WHY: it is the only ranker that never repeats a number. RANK and DENSE_RANK both let equal values share a number; the requirement "no ties allowed" rules them out. So the answer is ROW_NUMBER() OVER (ORDER BY salary DESC).
L1.2
You need, for each day, the previous day's revenue sitting in the same row. Which function?
Recall Solution
==LAG(revenue, 1)== over ORDER BY day.
WHY: LAG looks backward by an offset (default 1 row). "Previous day" = 1 row before in day-order. LEAD would look forward (next day) — wrong direction.
L1.3
You want "the top 3 distinct salary levels" — if three people all earn the maximum, they should all count as level 1, and you still want two more levels below. Which ranker, and why not the other two?
Recall Solution
==DENSE_RANK()==.
WHY: "distinct levels, no gaps" is literally the definition of DENSE_RANK — ties share a number and the next number is not skipped (1,1,2,3…). RANK would skip (1,1,3…) so <= 3 might return only two distinct levels. ROW_NUMBER treats tied people as different positions, so it counts people, not levels.
Level 2 — Application
Goal: write and hand-evaluate a query on emp.
L2.1
Write a query returning name, salary and a column rn = ROW_NUMBER() over all employees ordered by salary descending. Then hand-evaluate rn for every row (ties broken by id ascending).
Recall Solution
SELECT name, salary,
ROW_NUMBER() OVER (ORDER BY salary DESC, id ASC) AS rn
FROM emp;First put the rows in the exact window order salary DESC, id ASC. Salary decides first; when salaries tie, the smaller id comes first:
900(Ada,id1), 900(Bo,id2), 800(Ed,id5), 800(Fi,id6), 700(Cy,id3), 600(Gu,id7), 500(Di,id4).

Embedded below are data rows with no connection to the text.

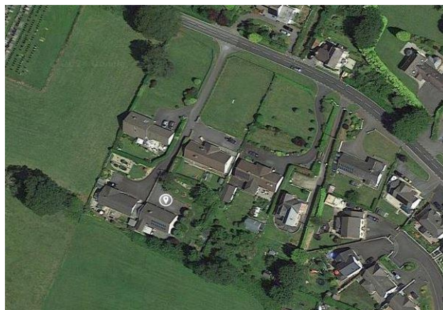
Aerial View Showing Location Pin
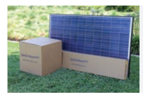
A 5kW system with all required components ships in a few boxes. No long rails means less warehouse space is needed and more install jobs can fit on a single truck. Fewer boxes means it's fast and easy to get materials on the roof, ready to install.
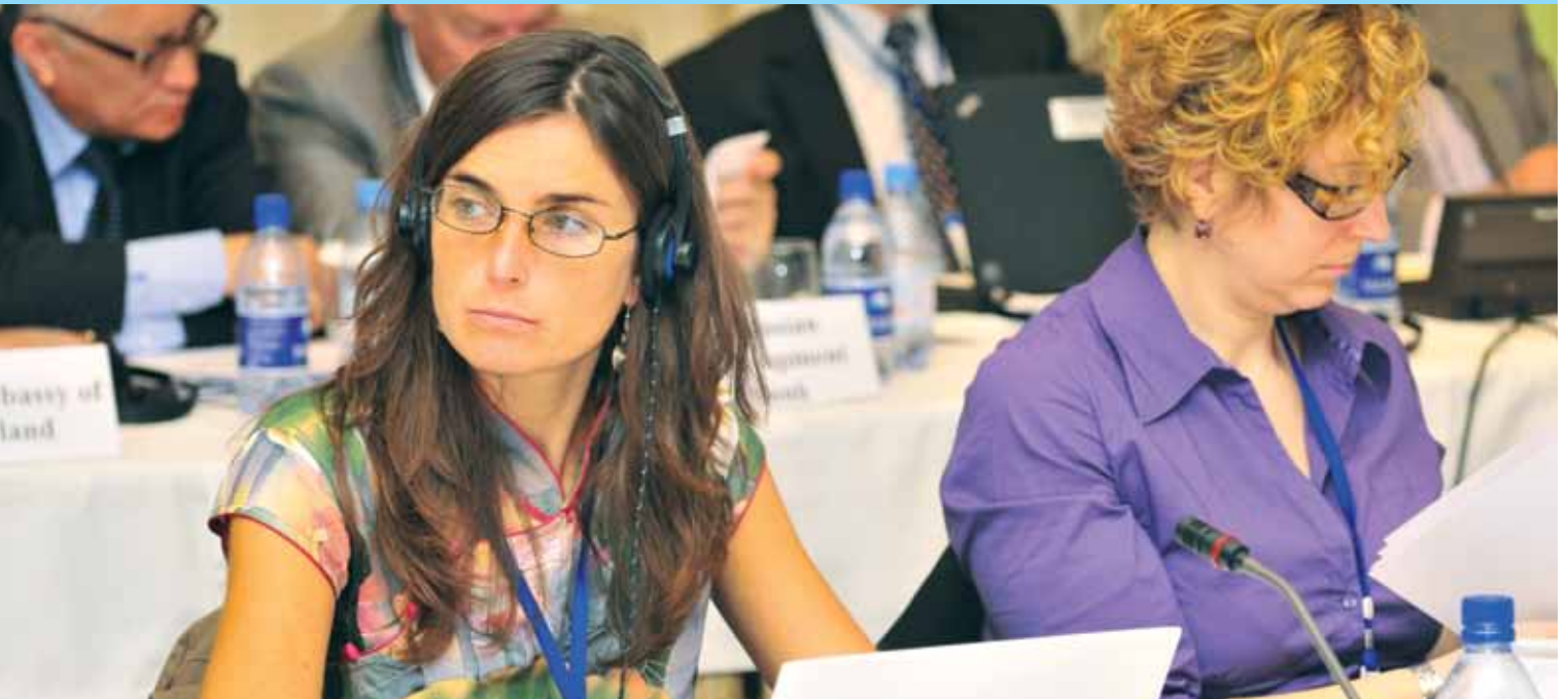
The Donors' conference in Almaty, May 20, 2010

The Joint Statement of the Heads of the founder-states of the International Fund for saving the Aral Sea emphasized the great importance of the necessity of broad cooperation with UN agencies, including the Economic Commission for Europe (UNECE), the Economic and Social Commission for Asia and the Pacific (UNESCAP), the United Nations Regional Centre for Preventive Diplomacy for Central Asia (UNRCCA) and other organizations.
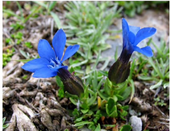
Gentiana verna subsp. balcanica

patterns by the action of freezing and thawing. The vegetation is mainly grasses, with abundant Lotus alpinus in places and a few plants of the brilliant blue Gentiana verna subsp. balcanica . The final approach to the summits of Olympus involves climbing vertical cliffs or steep gullies. The easiest route requires no climbing equipment, but you need a head for heights. It is a broad gully with 6-inch-wide rock-ledge steps
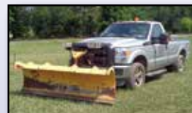
'11 FORD F-250XL 4X4

2011 FORD Model F-250XL Super Duty 4x4 Pickup Truck , powered by 6.2L gas engine and automatic transmission, equipped with 8' bed with crossbox, 100 gallon fuel tank with electric pump, Fisher 8' snowplow, Buyers salt spreader controls, tow package, running boards, power windows, locks, and mirrors, cruise control, air conditioning, and 265/70R17 tires. In good condition with good tires. (128,471 Miles)
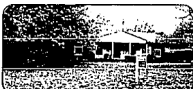
WEST BLOOMFIELD. Freshly decorated 3 bedroom Ranch with lake privileges and private beach on Hammond Lake! Large sunroom open to formal dining room. Too many updates to list! Two fireplaces, fenced yard, finished basement. $134,500 626-9100
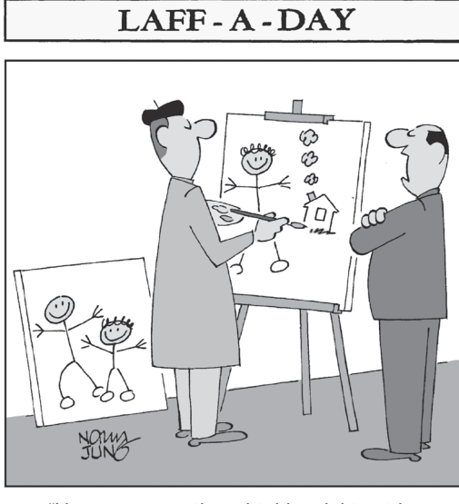
"Have you ever thought this might not be your line of work?"
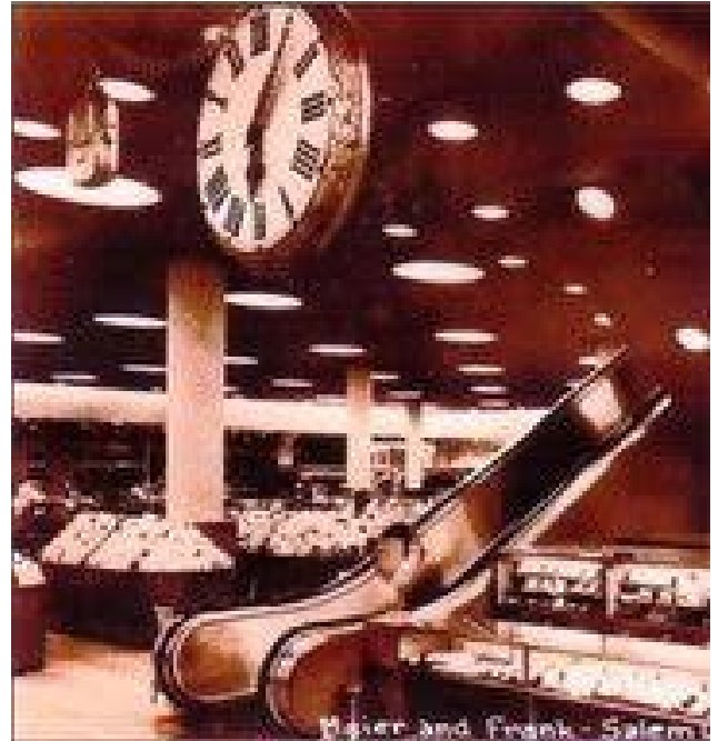
The clock inside Meier and Frank 1955

winter ware rotated. In a toy window, electric trains circled dolls and dinosaurs while a suspended Santa and sleigh flew above it all. Remember Ralphie seeing the BB gun in the 1939 store window in the movie "The Christmas Story" and you have a perfect picture of all this.
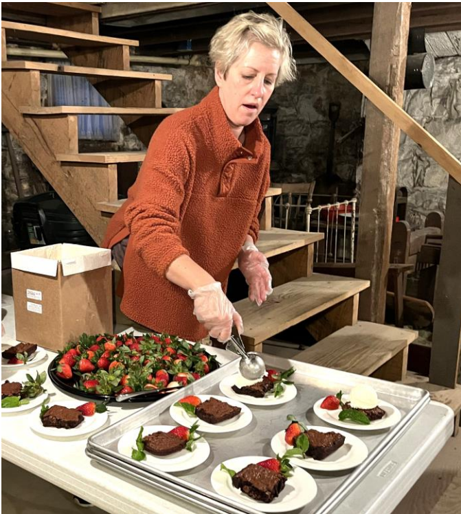
Many volunteers from the community and the Historical Society were a tremendous help to the Grange preparing and serving the food.
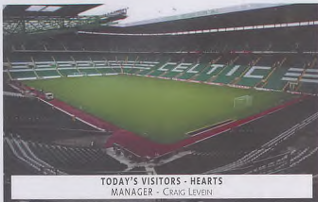
TODAY'S VISITORS - HEARTS MANAGER - CRAIG LEVEIN
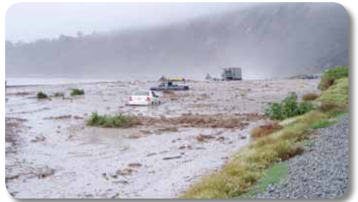
Two feet of water is enough to wash away a passenger vehicle.
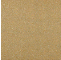
Jazz Gold - 29
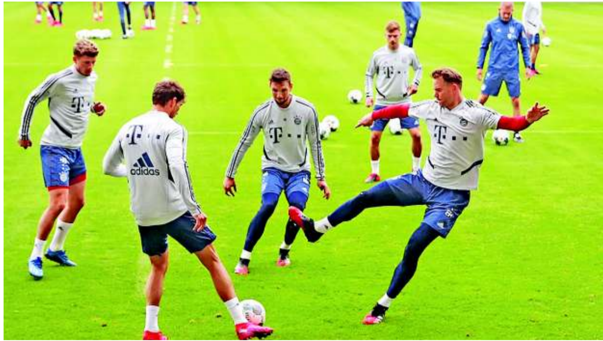
Bayern Munich players during a training session at FC Bayern Campus in Munich, Germany. Bayern Munich will face 1. FC Union Berlin on May 17 when the Bundesliga will resume after the forced break due to the ongoing coronavirus crisis.

pealed to their supporters before they resume their season against Gladbach on Saturday.
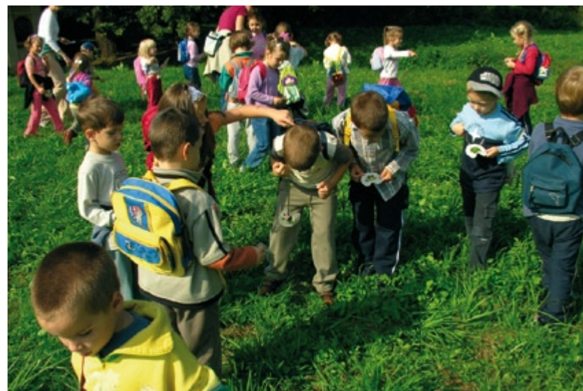
Lecture in the Forest school in Ravazd

modeled in pedagogical practice as a 'guide book' 31 . Forest pedagogy is the unity of theory and practice, while being in its second decade of functioning in the Forest School Education Centre at the Ravazd Forestry ensures its research and modelling value in school development.
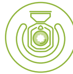
Pollution Free Ambient
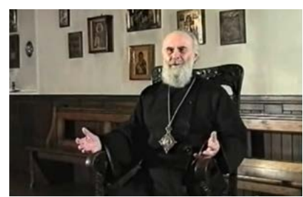
Metropolitan Anthony of Sourozh

It happens when our eyes are open, at a moment of purity of heart; because it is not only God Himself Whom the pure in heart will see; it is also the divine image, the light
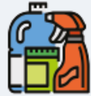
Non-durable household goods
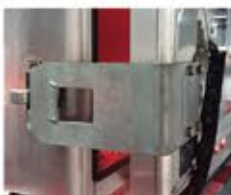
Galvanized Paddle latch
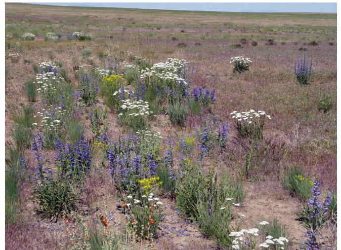
Figure 11. Royal penstemon in a post-fire study plot in southern Idaho.

Because of the low competitive ability of royal penstemon with cheatgrass (Parkinson 2008, Parkinson et al. 2013), it should be seeded in areas where cheatgrass seed density has been reduced by wildfire or other treatments and is not expected to recover rapidly (Ott et al. 2016b). To avoid competition with more rapidly growing seeded grasses and forbs having similar root morphologies, royal penstemon should be seeded in separate rows or areas, either alone or with other slow growing species with different rooting habits (Fig. 11; Parkinson 2008). This would reduce spatial overlap and interspecific competition for resources while increasing the diversity of species and life forms. Cane et al. (2007) suggested that royal penstemon pollinators Osmia brevis and O. penstemonis may have shallow underground nests, in which case they and the surface nesting Pseudomasaris vespoides would be susceptible to soil heating by wildfires (Cane and Neff 2011) or soil disturbance resulting from mechanical site preparation practices. Loss of specialist pollinators would restrict seeding of royal penstemon to areas near native vegetation that are likely to harbor the pollinators (Cane and Love 2016).

Now ROW_NUMBER just counts 1,2,3,… straight down that ordered line:
| name | salary | rn |
|---|---|---|
| Ada | 900 | 1 |
| Bo | 900 | 2 |
| Ed | 800 | 3 |
| Fi | 800 | 4 |
| Cy | 700 | 5 |
| Gu | 600 | 6 |
| Di | 500 | 7 |
ROW_NUMBER just counts down the sorted line; the id ASC tie-break makes Ada beat Bo and Ed beat Fi deterministically.
L2.2
Now add RANK() and DENSE_RANK() (same ordering, salary DESC) and fill the full table by hand for emp.
Recall Solution
SELECT name, salary,
RANK() OVER (ORDER BY salary DESC) AS r,
DENSE_RANK() OVER (ORDER BY salary DESC) AS dr
FROM emp;Apply the parent's formulas: , .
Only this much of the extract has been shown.